Original topic: 扩容tikv后为自动均衡
[TiDB Usage Environment] Testing
[TiDB Version] V6.4
[Reproduction Path] Use scale-out to expand TiKV, expanding from 1 TiKV to 3 TiKVs per node. Expanded twice, each time adding 3.
[Encountered Issue: Phenomenon and Impact] After expansion, the TiKV status appears normal, but regions are not automatically balanced. It is uncertain whether the expanded TiKVs are properly activated.
[Resource Configuration]
[Attachments: Screenshots/Logs/Monitoring]
Why not use 6.5.X? Why use 6.4?
If the service is running normally, automatic balancing needs to wait because scheduling and execution take time.
Check the schedule status and config to see if these parameters are correct.
I installed it a long time ago, and back then the latest version was 6.4. It’s been a whole night already, and with just over 100GB of data, it shouldn’t take this long, right?
You can check cluster-pd → Operator → Schedule operator create to see if there is any scheduling generated.
It looks like your monitoring has had no data for a long time, try restarting Prometheus. Check the leader_count and region_count in information_schema.tikv_store_status to see if they are balanced.

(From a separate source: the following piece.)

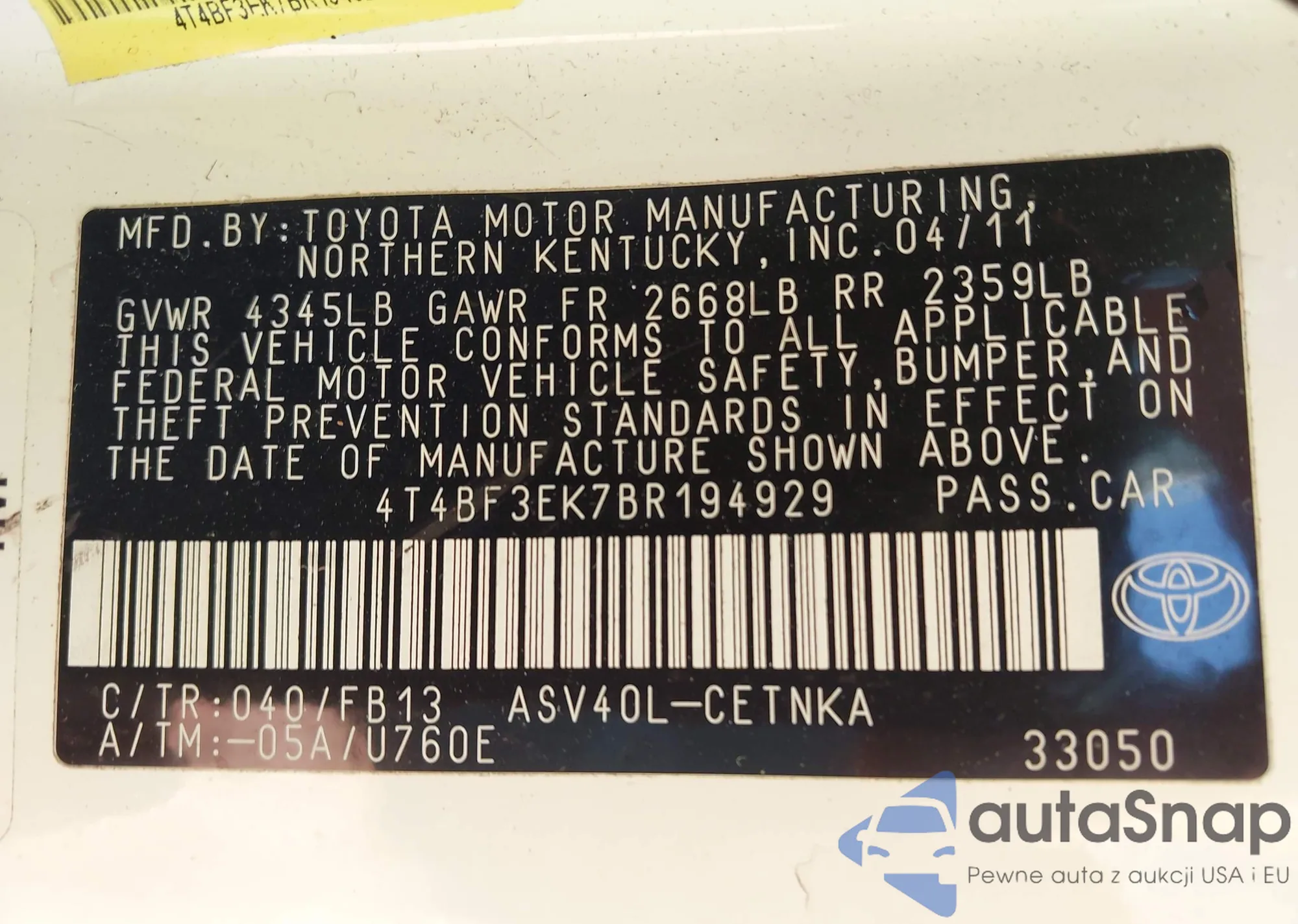 • VIN 4T4BF3EK7BR194929

The parameters are expanded as shown in the screenshot, so there should be no problem, right? Can multiple TiKV instances be deployed on a single physical machine? I remember that as long as the ports are different, it should be successful, right?
PD → Statistics Balance to view the store region scores and the number of regions on each node.

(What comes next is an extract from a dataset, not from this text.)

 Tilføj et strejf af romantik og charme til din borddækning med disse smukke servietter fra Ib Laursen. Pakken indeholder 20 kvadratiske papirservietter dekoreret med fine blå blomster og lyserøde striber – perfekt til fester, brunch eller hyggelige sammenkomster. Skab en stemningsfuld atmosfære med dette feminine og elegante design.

There is monitoring data. The results in the screenshot are the same as querying the system table.
Indeed, the scores are unbalanced. Each node has 3 TiKV instances, but there are 4 stores. It’s similar to node 145 in the screenshot, where one is very high and the other two are very low.
Is there a label set? Has the newly added TiKV been set?

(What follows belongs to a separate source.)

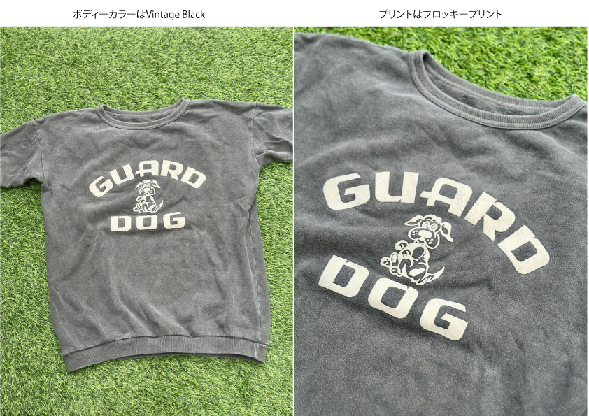 今回の別注ではVintage Blackのボディーを使用し、プリントにはフロッキープリントを施した1枚になります。

It looks like a PD Leader switch occurred in your diagram. Try switching the instance in the top left corner and see.
It’s actually quite normal to process 100G overnight. Try adjusting the add peer speed using pdctl store limit
. By default, TiKV scheduling is indeed slow. I believe the default value is 150; you can directly adjust it to 2000 and then revert it after the data is supplemented.
For specific operations, you can refer to: PD Control 使用说明 | PingCAP 文档中心
There is no configuration, and there wasn’t any before either. I checked the meta.yaml and there doesn’t seem to be any issues.
It seems like there’s no difference.
It seems that TiKV didn’t start up. Reload the data, and the expanded TiKV didn’t see an increase in regions either.
Check if there are many empty regions.
There aren’t many empty regions, but regions with more data occupy a lot of space.